#### INPUT DATA
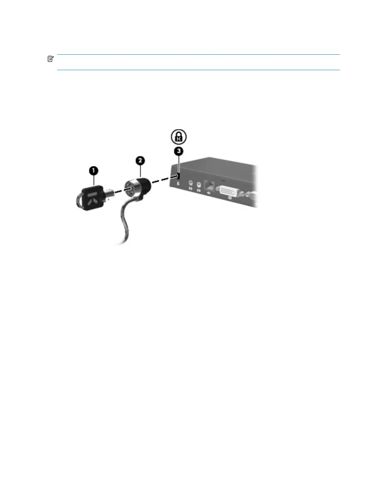 3. Insert the cable lock into the security cable slot on the docking station (3), and then turn the key.
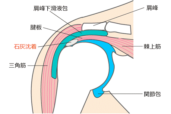 石灰が、どんどん溜まって膨らんでくると痛みが増してきます。そして、腱板から滑液包内に破れ出る時に激痛となります。
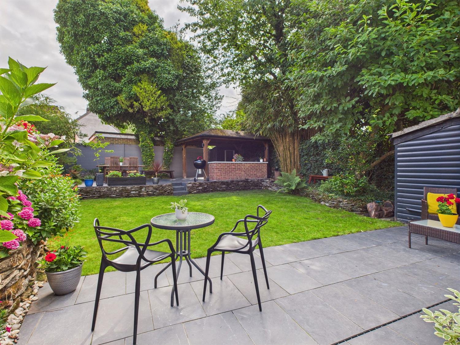 To the rear, the garden is a delight. Approximately 48ft and enjoying a very good degree of privacy. The cottage style gardens feature a slate paved patio adjoining the rear of the property which extends the entertaining area from the kitchen. There is a large area of area of lawn with raised border planting, with ornamental lighting enclosing the garden beautifully whilst still allowing in light. A natural stone retaining wall and steps rise to a further area of slate paved patio where there is a timber gazebo with brick built outdoor kitchen and Carrara marble tops, lighting (within the gazebo and seating area) and power sockets. There is an outside tap, additional security light and a useful area to the side.
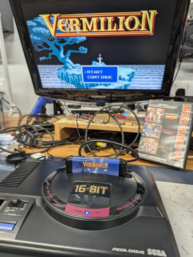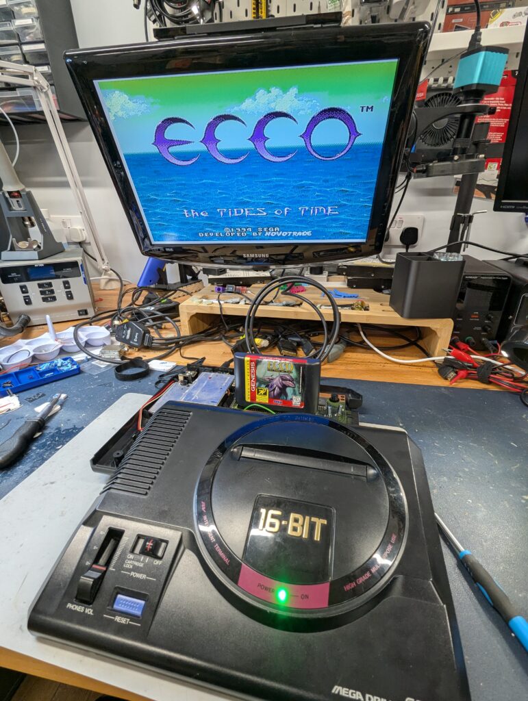 The console can now be placed in the right region by pressing and holding the reset button. The LED colour will cycle between green (US), red (EU) and blue (JP). Note that some games will not run in the wrong region. Finally the console was tested and given a wipe.

#### EXERCISE INSTRUCTIONS
Copy out all of the data word for word. Do not carry over any picture.

#### YOUR SOLUTION
 3. Insert the cable lock into the security cable slot on the docking station (3), and then turn the key.
 石灰が、どんどん溜まって膨らんでくると痛みが増してきます。そして、腱板から滑液包内に破れ出る時に激痛となります。
 To the rear, the garden is a delight. Approximately 48ft and enjoying a very good degree of privacy. The cottage style gardens feature a slate paved patio adjoining the rear of the property which extends the entertaining area from the kitchen. There is a large area of area of lawn with raised border planting, with ornamental lighting enclosing the garden beautifully whilst still allowing in light. A natural stone retaining wall and steps rise to a further area of slate paved patio where there is a timber gazebo with brick built outdoor kitchen and Carrara marble tops, lighting (within the gazebo and seating area) and power sockets. There is an outside tap, additional security light and a useful area to the side.
 The console can now be placed in the right region by pressing and holding the reset button. The LED colour will cycle between green (US), red (EU) and blue (JP). Note that some games will not run in the wrong region. Finally the console was tested and given a wipe.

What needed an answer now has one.